━━ DATA TO PROCESS ━━

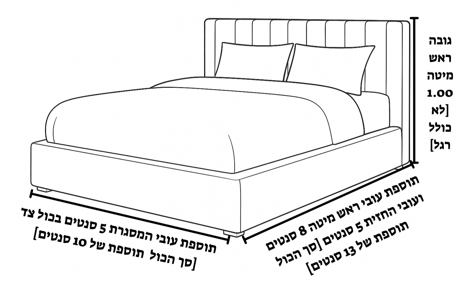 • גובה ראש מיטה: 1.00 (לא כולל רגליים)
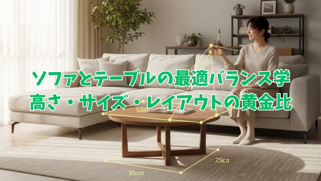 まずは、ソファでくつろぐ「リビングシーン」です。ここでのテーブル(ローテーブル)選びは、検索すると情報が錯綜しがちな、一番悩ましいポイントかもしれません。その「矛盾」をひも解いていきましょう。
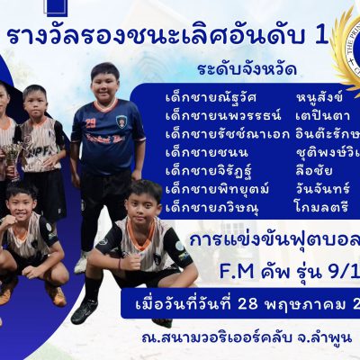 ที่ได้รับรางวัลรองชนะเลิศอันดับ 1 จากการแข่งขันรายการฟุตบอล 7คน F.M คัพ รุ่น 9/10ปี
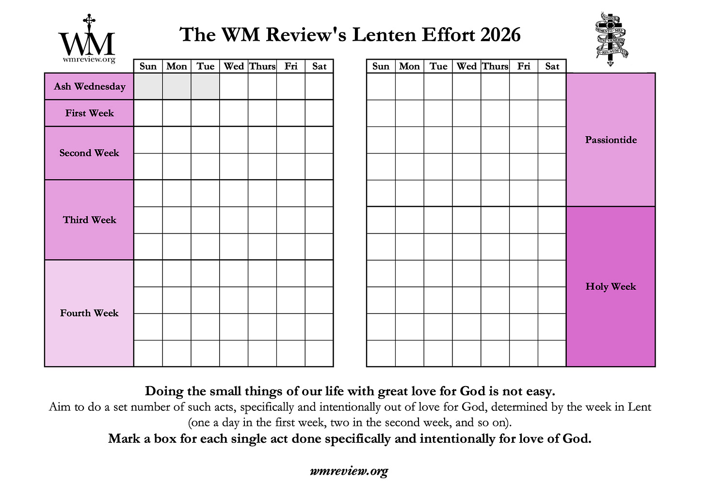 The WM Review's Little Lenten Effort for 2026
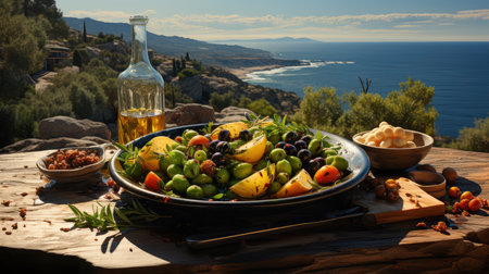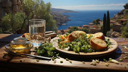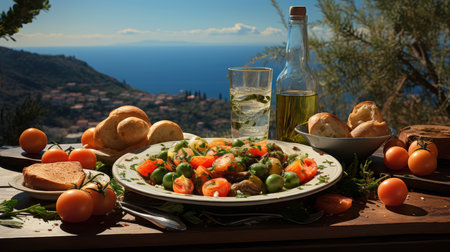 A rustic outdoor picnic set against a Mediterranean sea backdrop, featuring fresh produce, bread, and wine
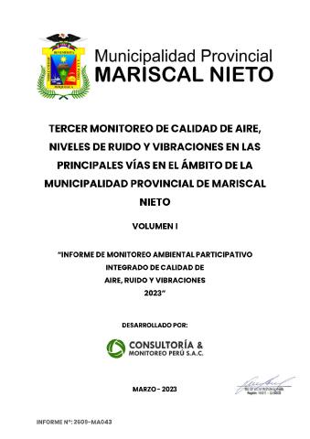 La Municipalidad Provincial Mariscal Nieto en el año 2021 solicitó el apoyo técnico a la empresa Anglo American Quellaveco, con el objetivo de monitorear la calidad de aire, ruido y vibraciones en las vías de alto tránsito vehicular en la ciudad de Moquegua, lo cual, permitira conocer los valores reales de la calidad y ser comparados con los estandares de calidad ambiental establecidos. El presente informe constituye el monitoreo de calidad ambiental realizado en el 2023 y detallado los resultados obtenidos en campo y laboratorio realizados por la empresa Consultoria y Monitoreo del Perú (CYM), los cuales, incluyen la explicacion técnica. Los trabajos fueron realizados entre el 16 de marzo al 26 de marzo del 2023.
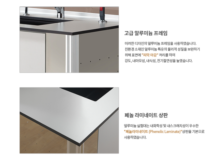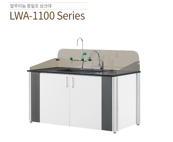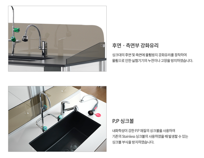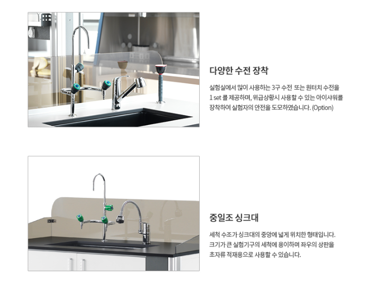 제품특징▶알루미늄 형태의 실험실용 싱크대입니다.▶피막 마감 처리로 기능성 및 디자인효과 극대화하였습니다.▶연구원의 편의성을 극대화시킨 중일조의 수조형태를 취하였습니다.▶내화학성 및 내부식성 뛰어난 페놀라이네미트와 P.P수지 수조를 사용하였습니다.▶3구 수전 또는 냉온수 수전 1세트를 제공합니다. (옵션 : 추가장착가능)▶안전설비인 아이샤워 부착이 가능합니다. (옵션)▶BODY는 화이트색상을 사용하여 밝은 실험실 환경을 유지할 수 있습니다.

━━━

WHAT TO WORK ON: The line holding "The WM Review's" starts the copy and the line holding "A rustic outdoor" ends it. Repeat those two lines above and all between them exactly, leaving out pictures.

EXERCISE RESPONSE:
 The WM Review's Little Lenten Effort for 2026
 A rustic outdoor picnic set against a Mediterranean sea backdrop, featuring fresh produce, bread, and wine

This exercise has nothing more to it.